→ **Work item**
Leave the pictures out. Retype exactly the lines below from the one containing "Ecco nel dettaglio" through the one containing "環球晶股價在今年2月2日一度", and no others.

→ **Dataset section**
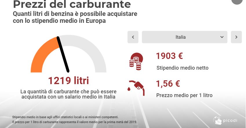 Il nostro Paese si piazza al 17° posto in base al salario medio, che ha un potenziale d’acquisto di 1.219 litri di carburante. Il nostro Paese si trova un punto più in basso nella classifica rispetto all’Olanda (16° posto e 1.279 litri) e un punto più in alto rispetto alla Spagna (18° posto con 1.126 litri), e Malta (19° posto con 931 litri). Nella parte inferiore della classifica sono presenti paesi come Moldavia, Ucraina e Albania, in cui la possibilità del salario medio non supera più di 300 litri di benzina, o un decimo di quello che può permettersi il leader della classifica europea.
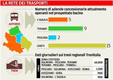 Ecco nel dettaglio i nuovi quattro bacini della mobilità regionale. L’Aquila, l’area sangro vastese, la zona litorale e quella montana
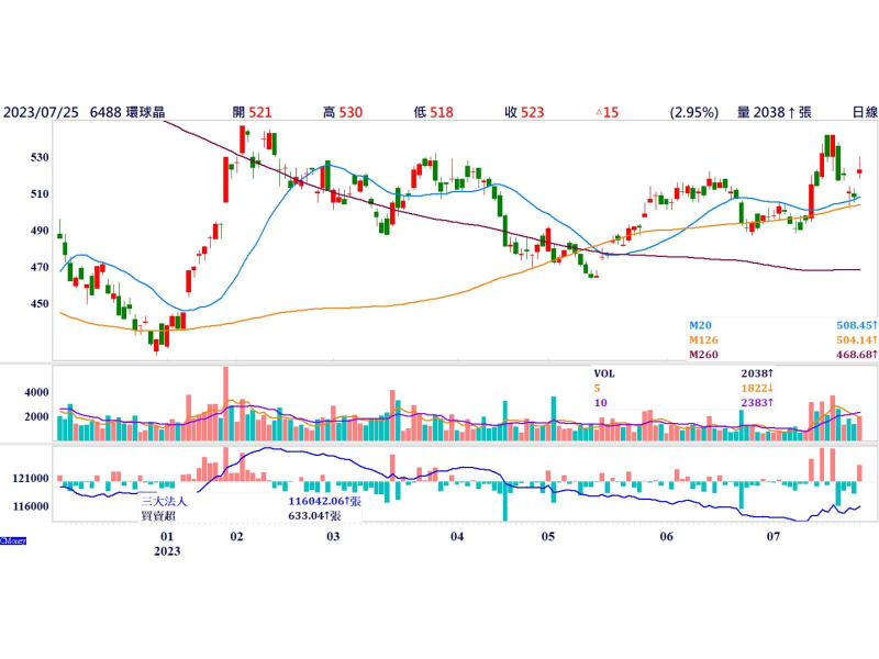 環球晶股價在今年2月2日一度漲到547元,之後震盪走低5月12日跌到463元,近兩個月除息前股價一度回到542元,今年都維持在547~463元僅18%區間震盪,落後加權指數及其他個股漲幅甚多,以7月25日收盤價523元計本益比十一倍,具長線投資價值。
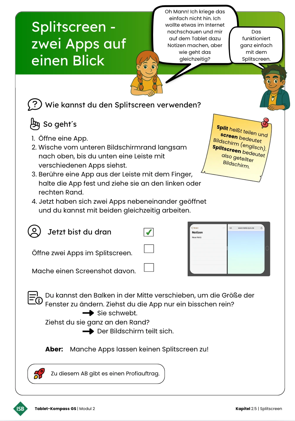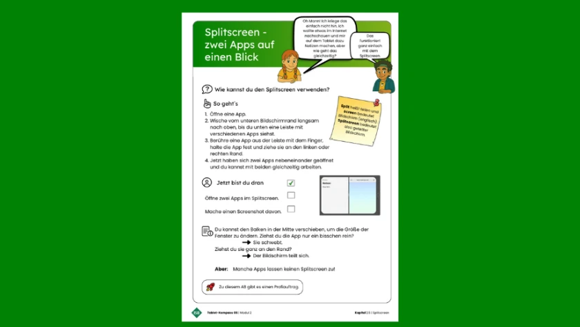 In diesem Kapitel setzen sich die Lernenden mit der Splitscreen-Funktion des Tablets auseinander.

→ **Exercise solution**
 Ecco nel dettaglio i nuovi quattro bacini della mobilità regionale. L’Aquila, l’area sangro vastese, la zona litorale e quella montana
 環球晶股價在今年2月2日一度漲到547元,之後震盪走低5月12日跌到463元,近兩個月除息前股價一度回到542元,今年都維持在547~463元僅18%區間震盪,落後加權指數及其他個股漲幅甚多,以7月25日收盤價523元計本益比十一倍,具長線投資價值。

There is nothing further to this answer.